By Rob Verkerk PhD, founder, executive & scientific director, Alliance for Natural Health International
You’ve heard news of a revolutionary frequency-based device that has a list of diseases it can supposedly remedy that would make Pfizer’s R&D team leader quiver. You’ve read dozens of testimonials and your head’s still spinning. Some were from cancer patients who were classified as terminally ill who’ve gone into ‘spontaneous remission’. Others came from people so ill they were permanently bed bound – until their frequency treatment got them walking again. Let’s also not forget the athletes who used it who developed superhuman powers.
Your critical mind tells you this could mean only one of two things. The testimonials are from intensely satisfied people who’d experienced what many might typically classify as a miracle. Or they’ve been fabricated by over-zealous marketeers keen to make a buck.

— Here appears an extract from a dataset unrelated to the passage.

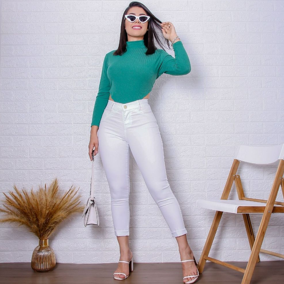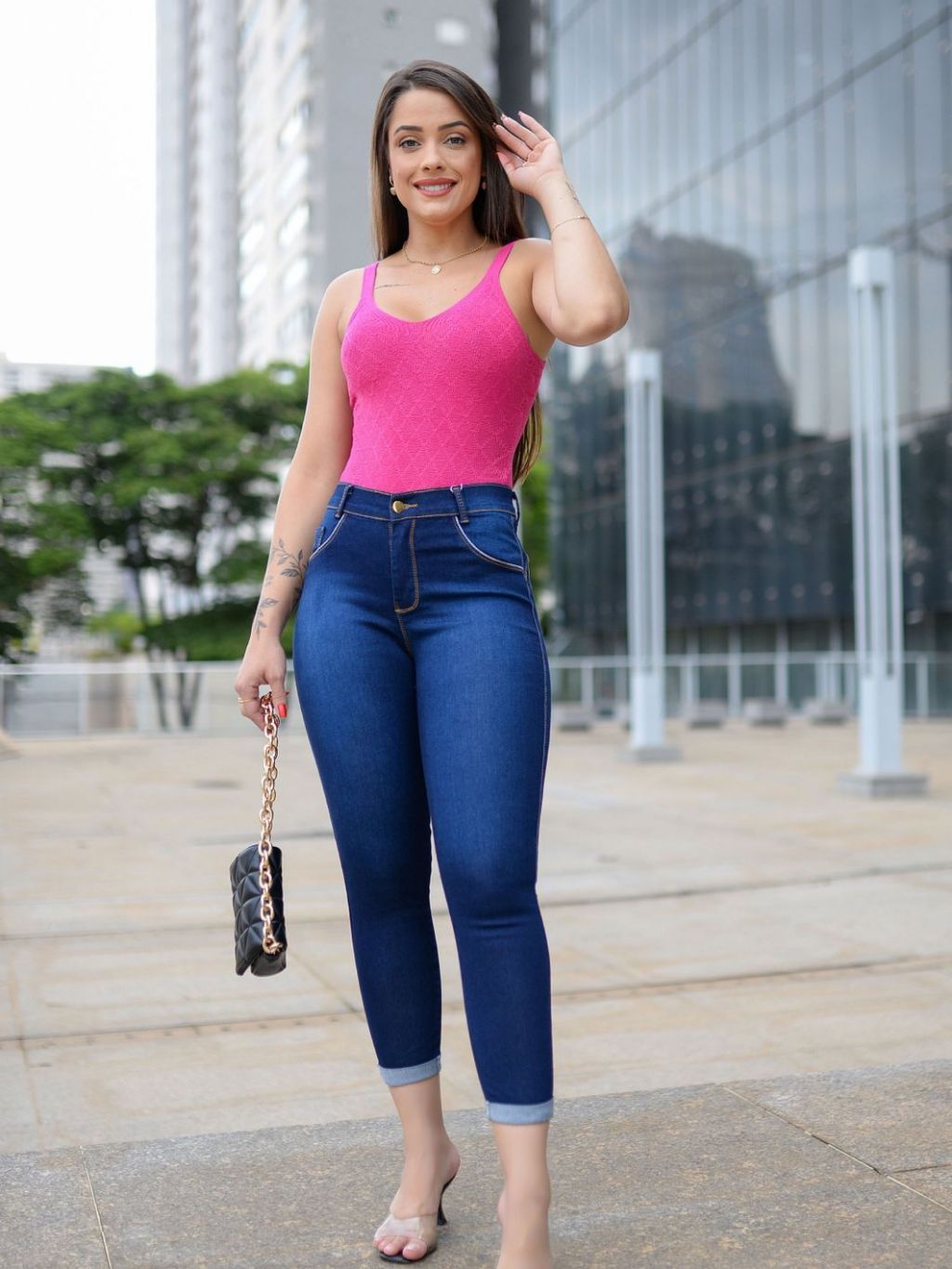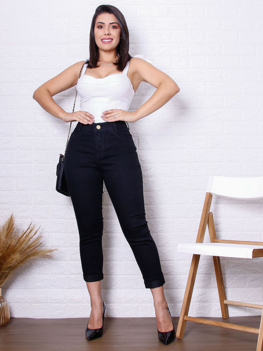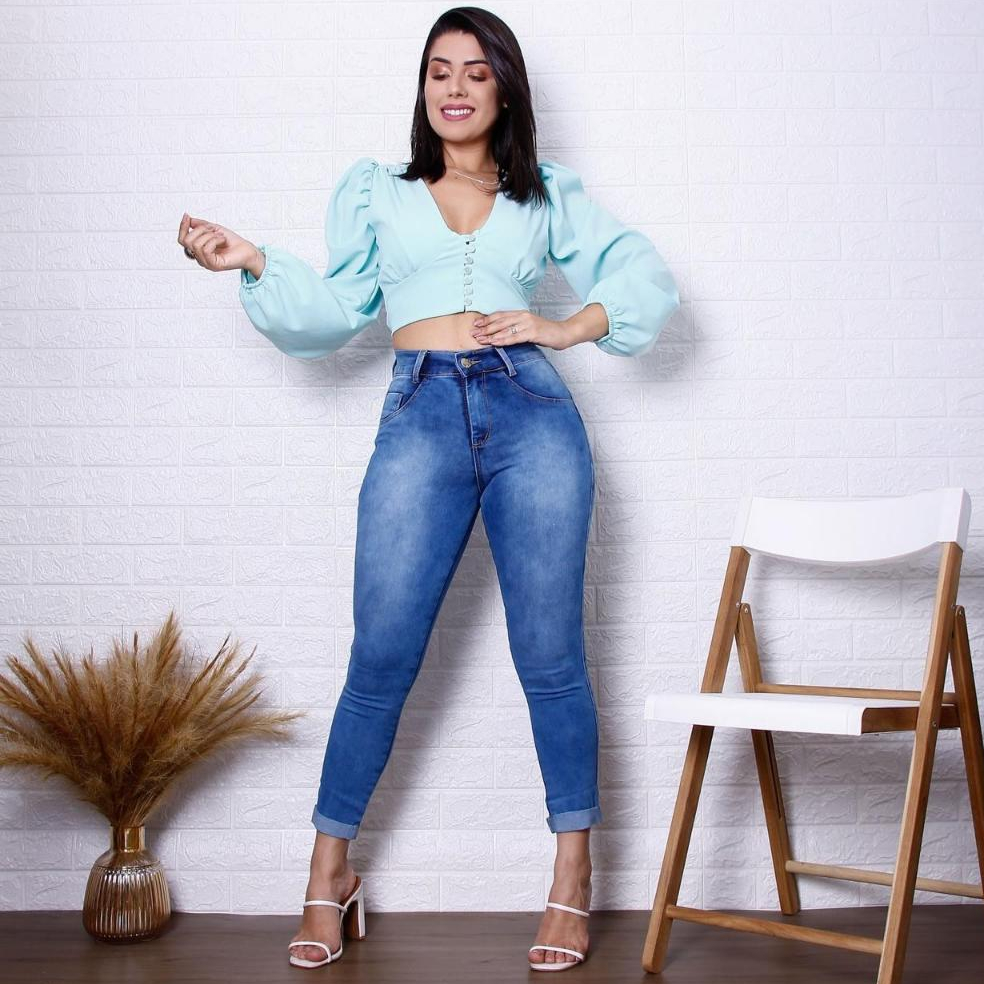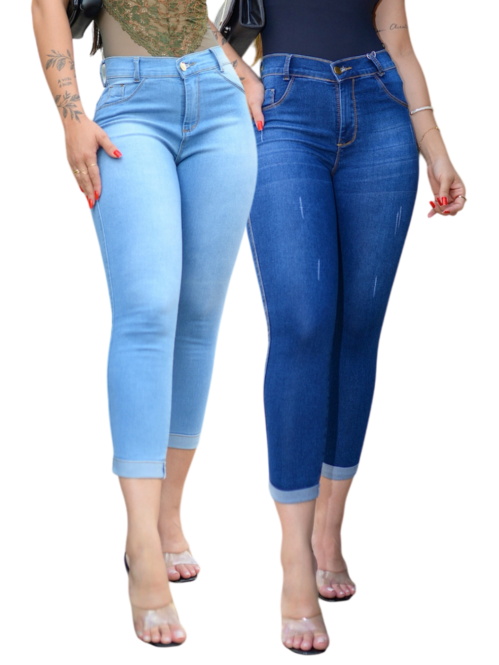 Calça Feminina Jeans Capri Modeladora Cintura Alta Empina Bumbum Com Elastano
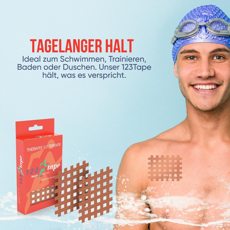 - Langanhaltender Halt: Das 123Tape Gittertape ist wasserfest und äußerst belastbar. Sie können es problemlos beim Duschen, Baden oder Sport tragen, ohne dass es seine Haftkraft verliert. Verlassen Sie sich auf einen zuverlässigen und langanhaltenden Halt.

Any of this sound familiar?
This article is about helping you to make sense of this rapidly expanding sector of primarily electrically-powered frequency medicine devices. We won’t be dealing here with some of the non-technologically dependent modalities of frequency medicine, other than in passing. That includes everything from acupuncture, qigong, reiki and homeopathy, through to hands on healing, crystal therapy, and distance healing. This area of subtle energy medicine – as relevant as it is for many – we’ll leave for another article.
Diversity rules
This is one area where the phrase, “not all [in this case devices] are created equally”, is especially pertinent. It’s also an area where, in the case of some devices, it’s not possible to appraise either safety or benefits because there just aren’t enough technical data available to know what the devices are actually doing as they interact with the human body.
More than this, some devices falling under the amorphous banner of ‘frequency medicine devices’ have actually been found to cause harm. This has been most evident with electromagnetic field based devices used occupationally by physiotherapy operators on a daily basis and for extended periods of time.
Perhaps we shouldn’t be surprised about the potential for harm, given we now know categorically that some low intensity electromagnetic fields that deliver low to mid-range frequencies, such as those used in powerlines, wifi routers and mobile phones, can also do harm, especially to those who are electrohypersensitive.
This article, which follows Part 1 that aimed to show why electromagnetism and resultant frequencies are inexorably linked to life and health, has been written to help demystify the rapidly emerging field of frequency-based devices, as used for assessing aspects of health, or for treating the body, either in healthy people or those with a specific condition.
We also aim to give you the categories of information that we think should be available to anyone who consents to use such a device of this type, in accordance with one of the most important and fundamental principles of medical ethics, namely informed consent. This requires that users of devices are provided with information on the potential risks and benefits of the intervention, before they use it. If a practitioner is involved, properly informed consent also requires that the user is informed of possible alternative interventions so he or she can exercise the freedom to choose.